While many experts say the 71 percent rally in the Standard & Poor’s 500 Index during the past year indicates stocks are overvalued, Cohen disagrees.
"The stock market is almost always a discounting mechanism,” she said..
“It almost always moves in advance of the economy, but we don't think it has moved too far at this point," she told CNBC.
Cohen, who made her name with bullish market calls in the 1990s, expects the S&P 500 to trade around 1,250 to 1,300 at year-end. That would be a 9 percent to 14 percent increase from the current level of 1,150.
Lower volatility and less correlation between different financial markets are making investors more comfortable about investing in stocks, she says.
Another way to look at it: “Since the end of 2003, the GDP has expanded dramatically more than stock prices,” Cohen said.

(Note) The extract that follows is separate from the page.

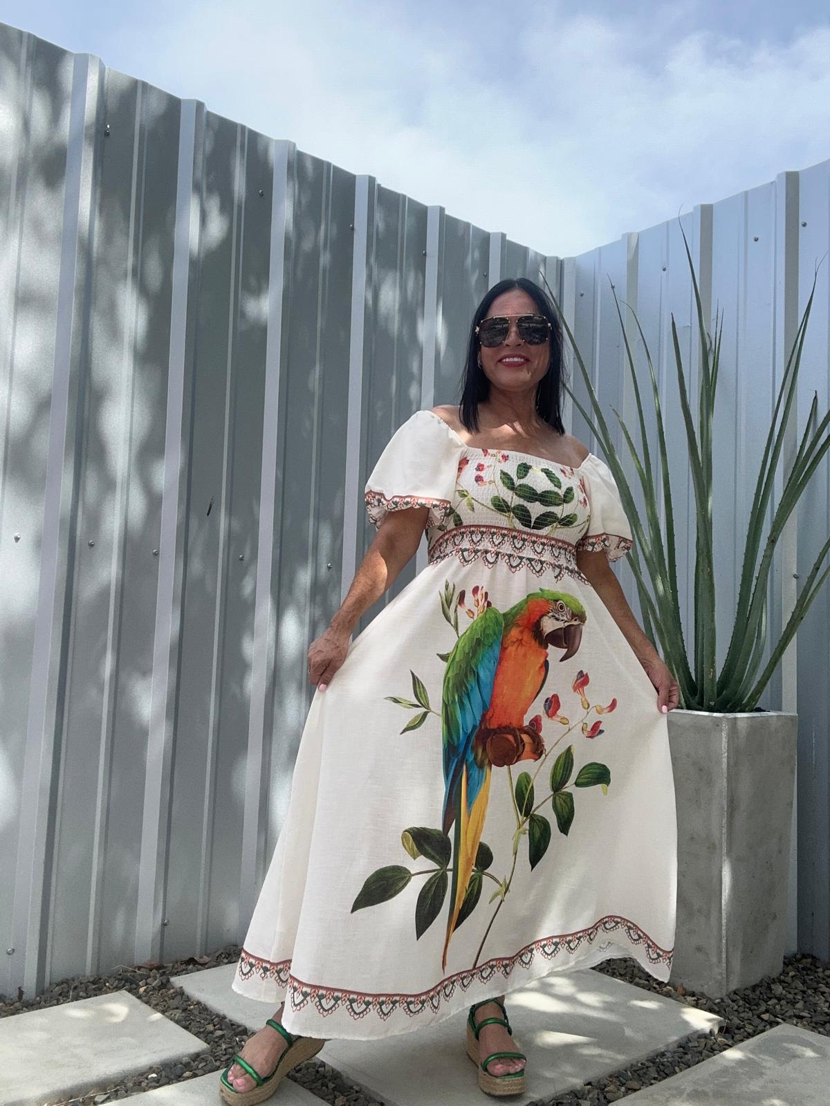 MIDI Dress summer estilo off shoulder o manga regular. Tiene elástico en la parte superior del vestido. La tela es polyester y lino. Colores tropicales y tela fresca para el verano.

That gives stocks more room to rise.
As for the economy, rising corporate cash flow; improved, albeit still weak, employment data; and increasing durable goods orders represent positive signs, Cohen says.
Economic guru Nouriel Roubini begs to differ.
In a report to clients, he wrote, “A slew of poor economic data over the past two weeks suggests that the U.S. economy in 2010 is headed for – at best – a U-shaped recovery.”